Monte-Cristo était occupé à détailler ce portrait avec non moins de soin qu’il avait fait de l’autre, lorsqu’une porte latérale s’ouvrit, et qu’il se trouva en face du comte de Morcerf lui-même.

C’était un homme de quarante à quarante-cinq ans, mais qui en paraissait au moins cinquante, et dont la moustache et les sourcils noirs tranchaient étrangement avec des cheveux presque blancs coupés en brosse à la mode militaire; il était vêtu en bourgeois et portait à sa boutonnière un ruban dont les différents liserés rappelaient les différents ordres dont il était décoré. Cet homme entra d’un pas assez noble et avec une sorte d’empressement. Monte-Cristo le vit venir à lui sans faire un seul pas; on eût dit que ses pieds étaient cloués au parquet comme ses yeux sur le visage du comte de Morcerf.

«Mon père, dit le jeune homme, j’ai l’honneur de vous présenter monsieur le comte de Monte-Cristo, ce généreux ami que j’ai eu le bonheur de rencontrer dans les circonstances difficiles que vous savez.

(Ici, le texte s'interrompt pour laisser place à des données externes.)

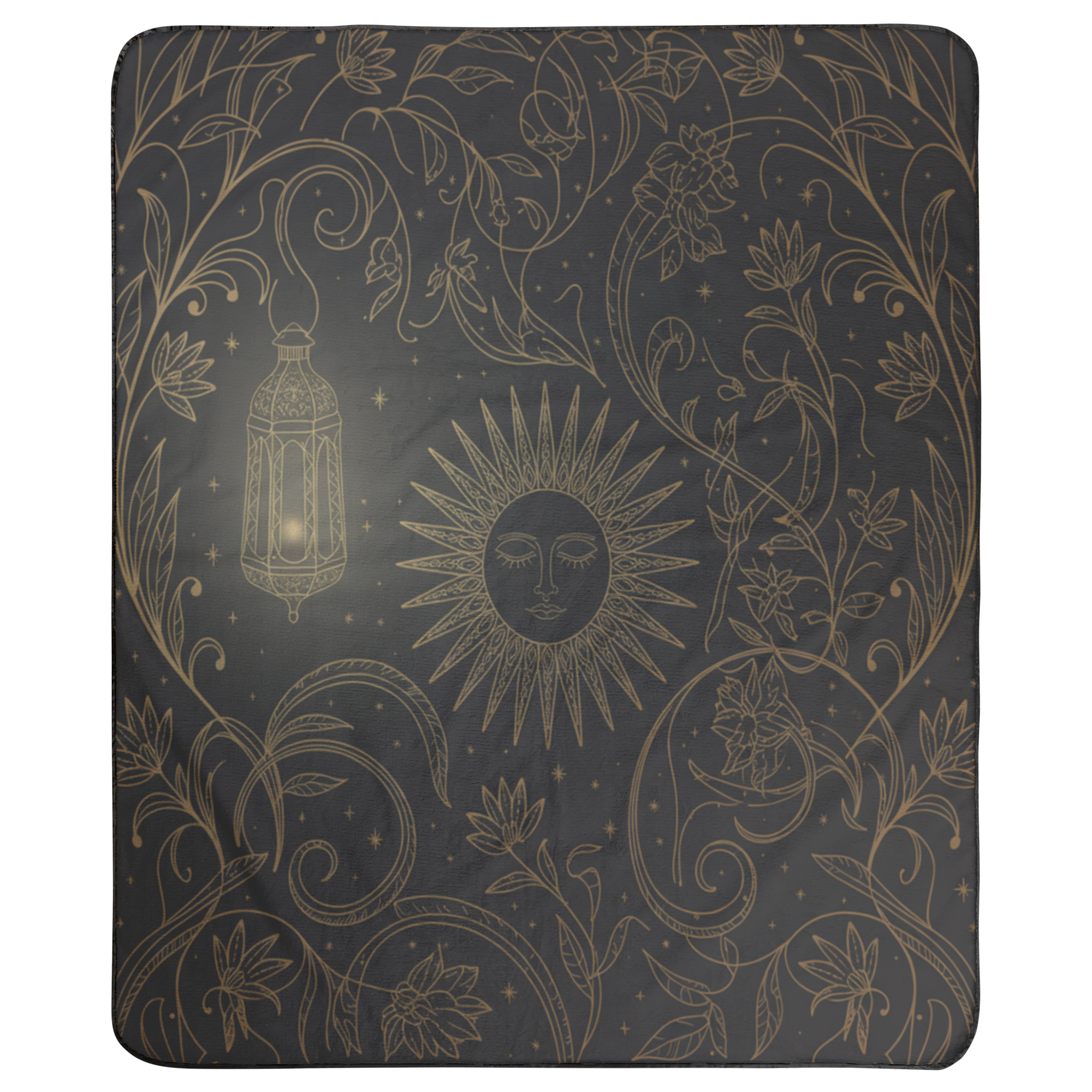 Wrap yourself in warmth and wonder with our beautifully designed stadium blanket, crafted to feel like a soft embrace. Featuring delicate gold-toned linework of curling vines encircling a radiant sun and softly glowing lantern, this enchanting design captures the quiet elegance of light blooming in the darkness. Made with super-soft fleece for cozy comfort and a tough, water-resistant bottom perfect for bleachers, picnics, and all your outdoor adventures, this blanket is your ultimate sidekick. It rolls up neatly with a handy carrying handle—no more blanket wrestling! Whether you’re curling up for a quiet evening or adding a touch of golden charm to your home, this blanket is a cozy celebration of light, nature, and style wherever you go.

– Monsieur est le bienvenu parmi nous, dit le comte de Morcerf en saluant Monte-Cristo avec un sourire, et il a rendu à notre maison, en lui conservant son unique héritier, un service qui sollicitera éternellement notre reconnaissance.»

Et en disant ces paroles le comte de Morcerf indiquait un fauteuil à Monte-Cristo, en même temps que lui-même s’asseyait en face de la fenêtre.

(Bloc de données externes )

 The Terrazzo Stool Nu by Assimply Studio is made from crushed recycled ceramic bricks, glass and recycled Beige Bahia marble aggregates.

Quant à Monte-Cristo, tout en prenant le fauteuil désigné par le comte de Morcerf, il s’arrangea de manière à demeurer caché dans l’ombre des grands rideaux de velours, et à lire de là sur les traits empreints de fatigue et de soucis du comte toute une histoire de secrètes douleurs écrites dans chacune de ses rides venues avec le temps.